Exercise goal:
Instruction for the entries below: return the part that opens with the line containing "Ponderings into Solitude: Rules." and closes with the line containing "A Bosch Adult", exactly, and no pictures.

──────── Given data

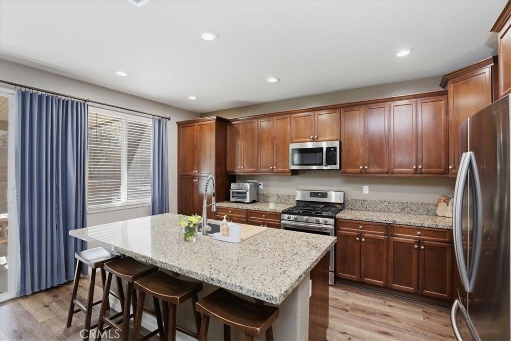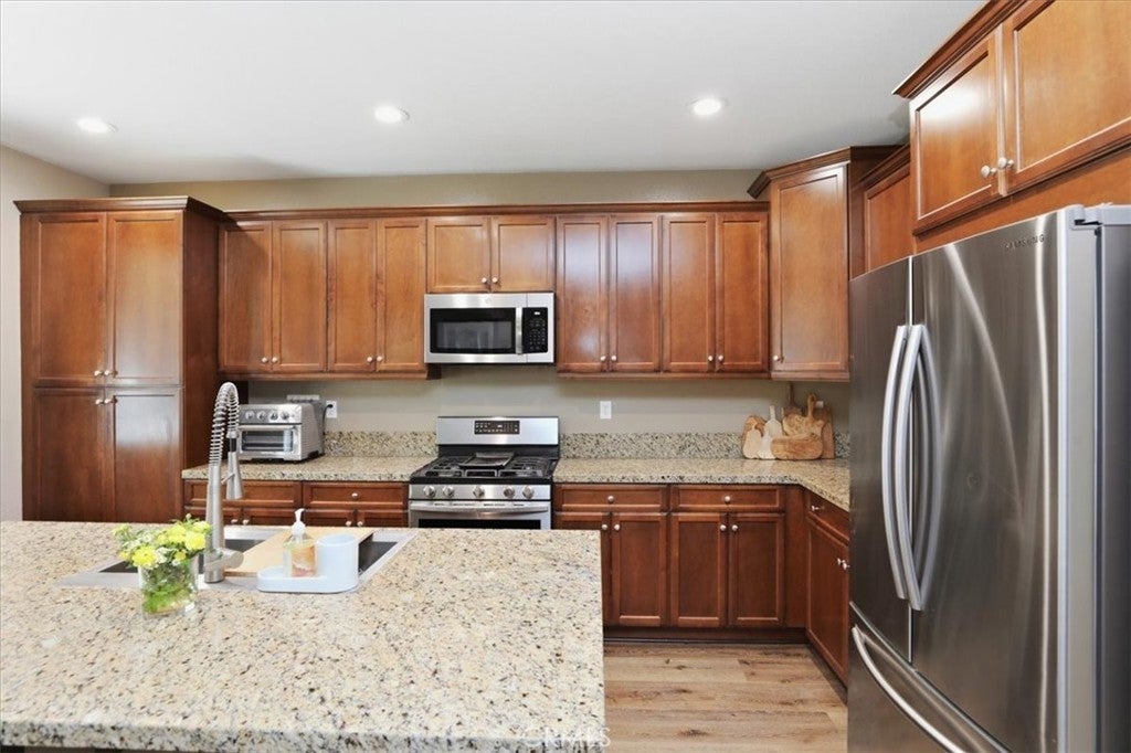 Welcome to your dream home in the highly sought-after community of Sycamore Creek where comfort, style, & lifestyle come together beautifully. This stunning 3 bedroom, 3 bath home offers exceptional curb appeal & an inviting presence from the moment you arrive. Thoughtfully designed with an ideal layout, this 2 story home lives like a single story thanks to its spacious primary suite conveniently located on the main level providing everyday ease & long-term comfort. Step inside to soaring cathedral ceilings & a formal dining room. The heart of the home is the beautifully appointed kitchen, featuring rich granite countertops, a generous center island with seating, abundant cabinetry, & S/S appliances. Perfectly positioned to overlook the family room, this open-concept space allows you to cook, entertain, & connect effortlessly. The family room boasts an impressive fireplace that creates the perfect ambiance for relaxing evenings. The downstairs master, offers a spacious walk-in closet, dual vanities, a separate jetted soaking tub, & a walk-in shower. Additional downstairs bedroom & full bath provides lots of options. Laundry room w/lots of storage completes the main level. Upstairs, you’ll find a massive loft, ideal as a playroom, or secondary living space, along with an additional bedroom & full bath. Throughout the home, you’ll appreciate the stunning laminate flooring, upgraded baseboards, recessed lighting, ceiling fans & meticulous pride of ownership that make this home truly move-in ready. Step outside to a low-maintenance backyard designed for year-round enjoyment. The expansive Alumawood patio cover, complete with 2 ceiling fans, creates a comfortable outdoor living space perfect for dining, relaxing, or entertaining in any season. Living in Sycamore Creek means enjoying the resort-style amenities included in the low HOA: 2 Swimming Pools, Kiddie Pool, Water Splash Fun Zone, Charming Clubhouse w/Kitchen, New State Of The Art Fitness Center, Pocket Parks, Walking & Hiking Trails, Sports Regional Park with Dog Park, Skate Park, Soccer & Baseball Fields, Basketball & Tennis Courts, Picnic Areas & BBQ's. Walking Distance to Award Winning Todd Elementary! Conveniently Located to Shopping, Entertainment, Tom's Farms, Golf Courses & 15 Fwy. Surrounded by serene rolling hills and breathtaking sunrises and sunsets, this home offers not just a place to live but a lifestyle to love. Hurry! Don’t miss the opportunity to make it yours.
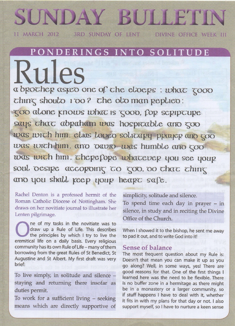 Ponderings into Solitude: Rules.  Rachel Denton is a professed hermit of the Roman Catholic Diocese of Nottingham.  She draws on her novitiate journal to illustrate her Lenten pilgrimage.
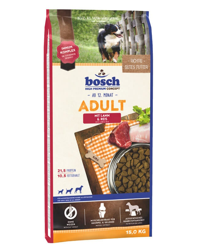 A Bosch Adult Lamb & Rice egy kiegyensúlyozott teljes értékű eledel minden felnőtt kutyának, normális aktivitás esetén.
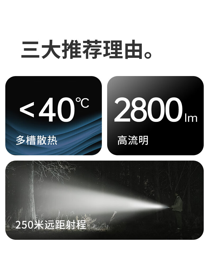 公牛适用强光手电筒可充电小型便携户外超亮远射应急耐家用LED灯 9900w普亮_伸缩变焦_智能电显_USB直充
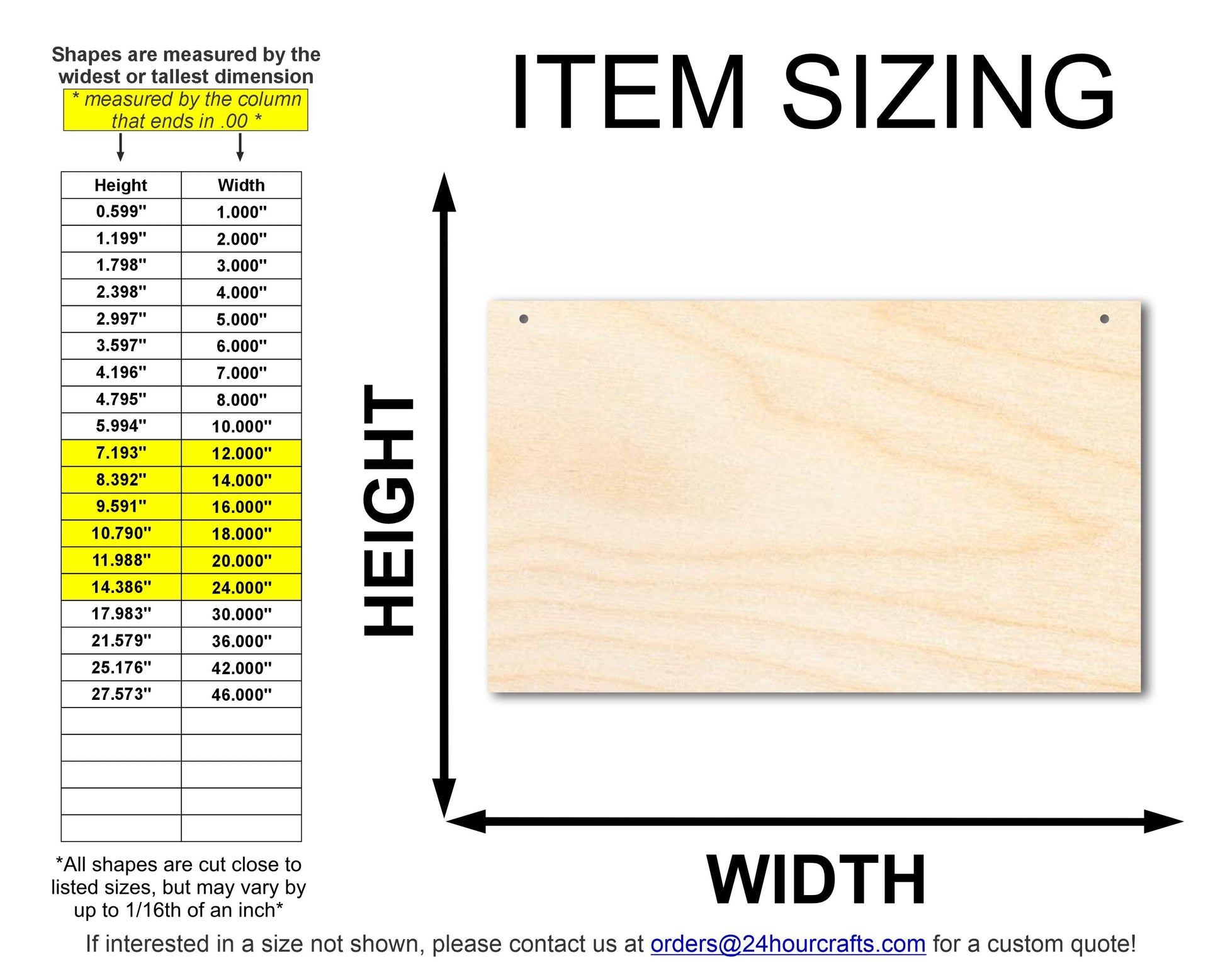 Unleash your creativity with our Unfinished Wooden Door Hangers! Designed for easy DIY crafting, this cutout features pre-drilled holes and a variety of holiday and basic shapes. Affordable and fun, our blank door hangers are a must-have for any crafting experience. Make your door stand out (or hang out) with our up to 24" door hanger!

────────────────

Exercise solution:
 Ponderings into Solitude: Rules.  Rachel Denton is a professed hermit of the Roman Catholic Diocese of Nottingham.  She draws on her novitiate journal to illustrate her Lenten pilgrimage.
 A Bosch Adult Lamb & Rice egy kiegyensúlyozott teljes értékű eledel minden felnőtt kutyának, normális aktivitás esetén.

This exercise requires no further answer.